Abuse in Asmussen barn gives PETA ammunition to blast sport

What a difference a week made for trainer Steve Asmussen. He went from being a likely inductee into Racing’s Hall of Fame in Saratoga, N.Y., to being ostracized as the poster boy for what is wrong in the sport.

This came after a nine-minute video was released by PETA showing alleged wrongdoing and animal abuse in the Asmussen barn. The video was heavily edited from four months of secret taping by an undercover person, hired by PETA, who infiltrated the Asmussen barn as a hotwalker.

PETA has come after horse racing before. Following the death of Barbaro, who was injured in the 2006 Preakness, Larry King of CNN had on two guests, Lisa Lange, a spokesperson for PETA and Jack Hanna, a renowned animal preservationist with the Columbus (Ohio) Zoo.

Lange called for “an end to the horse racing industry.” Hanna answered, “To stop horse racing would be ludicrous.”

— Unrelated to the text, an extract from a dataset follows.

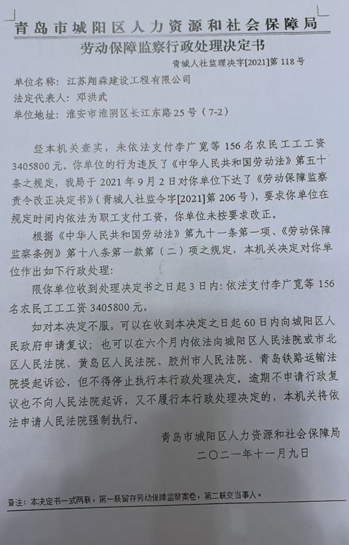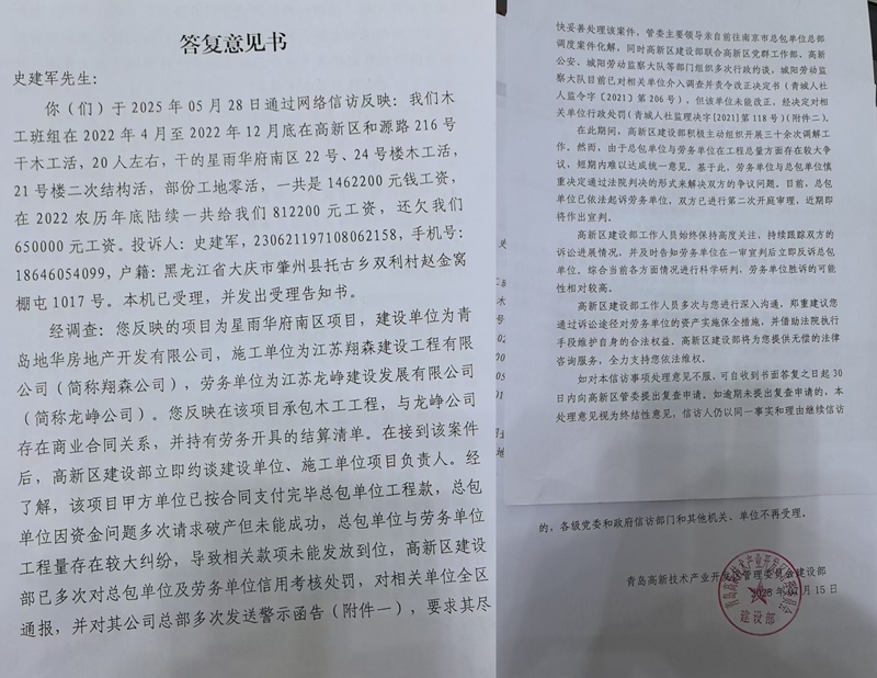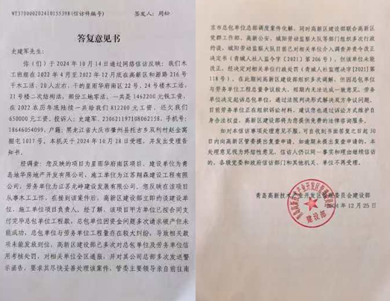 工程落幕,欠薪登场,150余万元账单的三年之困 据史建军等农民工介绍:2022年4月至12月,史建军带领20名木工班组工人,完成了星雨华府南区22号、24号楼木工工作及21号楼二次结构施工。按照约定,该班组应得工资146.22万元,然而2022农历年底仅收到81.22万元,剩余65万元至今未结。 同样遭遇欠薪的还有其他几个班组,其中李广臣混凝土班组2022年在此干活,被拖欠25万元,张传生的架子工班组被拖欠15.4万元。四个班组总计被拖欠150余万元。这些来自不同工种的农民工,共同面临着“干完活拿不到钱”的困境,最长欠薪时间已接近三年。 青岛高新技术产业开发区管理委员会建设部出具的答复意见书(信访件编号WT370000202410155398签发人:周松)证实了农民工们反映的问题。 答复意见书称:该项目建设单位为青岛地华房地产开发有限公司(江苏雨润集团青岛分公司),总承包单位是江苏翔森建设工程有限公司,劳务分包为江苏龙峥建设发展有限公司。多方信息显示,建设单位已按合同向总包单位支付完毕工程款,但总包单位因资金问题多次申请破产未成功,且与劳务单位存在工程量纠纷,导致农民工工资被长期拖欠。 保证金疑云,政策要求与实际执行的脱节 国家明确规定,工程开工前施工单位需缴纳2%-5%的农民工工资保证金,用于应急支付欠薪,这是保障农民工权益的“安全网”。但在该项目中,农民工们从未见到保证金缴纳凭证。

Two years later came the death of Eight Belles, who had just run second in the 2008 Kentucky Derby. Ingrid Newkirk, president of PETA, in a press release called “Attending the Kentucky Derby is as despicable as attending a dogfight.”

We can question the motives of PETA all we want. But as long as racing allows itself to be a pinata for them, we are just asking for it.

The PETA video takes an inch of truth and stretches it a mile. The fact remains there is an inch of truth.

Asmussen assistant Scott Blasi is the star of the tape, and not in a good way. Blasi comes across as a vulgar lout, spewing curse words rapid fire and hinting of illegal activities.

Blasi, who had worked for Asmussen for 18 years, was just released from his duties.

Horse racing will survive this scandal, as it has many others. What typically happens is a flurry of reactions, and then a return to inertia. But hopefully this time will be different. The video is jarring. If you have a phobia about needles, it’s especially jarring.

Many things need to happen within the industry, which has never had a singular united voice. One goal, among many, that I would like to see is more transparency.

Cockroaches hate light. Thus, the more the industry shines a light on every corner of the business, the easier it will be to root out the bad guys.

■ KENTUCKY DERBY PREPS — The Florida Derby at Gulfstream Park and the Louisiana Derby at Fair Grounds will both be run Saturday. If Cairo Prince can win the Florida Derby, he would stamp himself as a solid favorite for the Kentucky Derby.

However, Cairo Prince has not run in nine weeks. So he has a built in excuse should he run short and get upset.

The Louisiana Derby is a much more wide-open affair. Intense Holiday won the prep, the Risen Star, by a nose over Albano. However, I thought the third-place finisher Vicar’s in Trouble took all the worst of it from post 13. If he can carve out a better trip, he is capable of running back to the big winning race that he ran in the LeComte.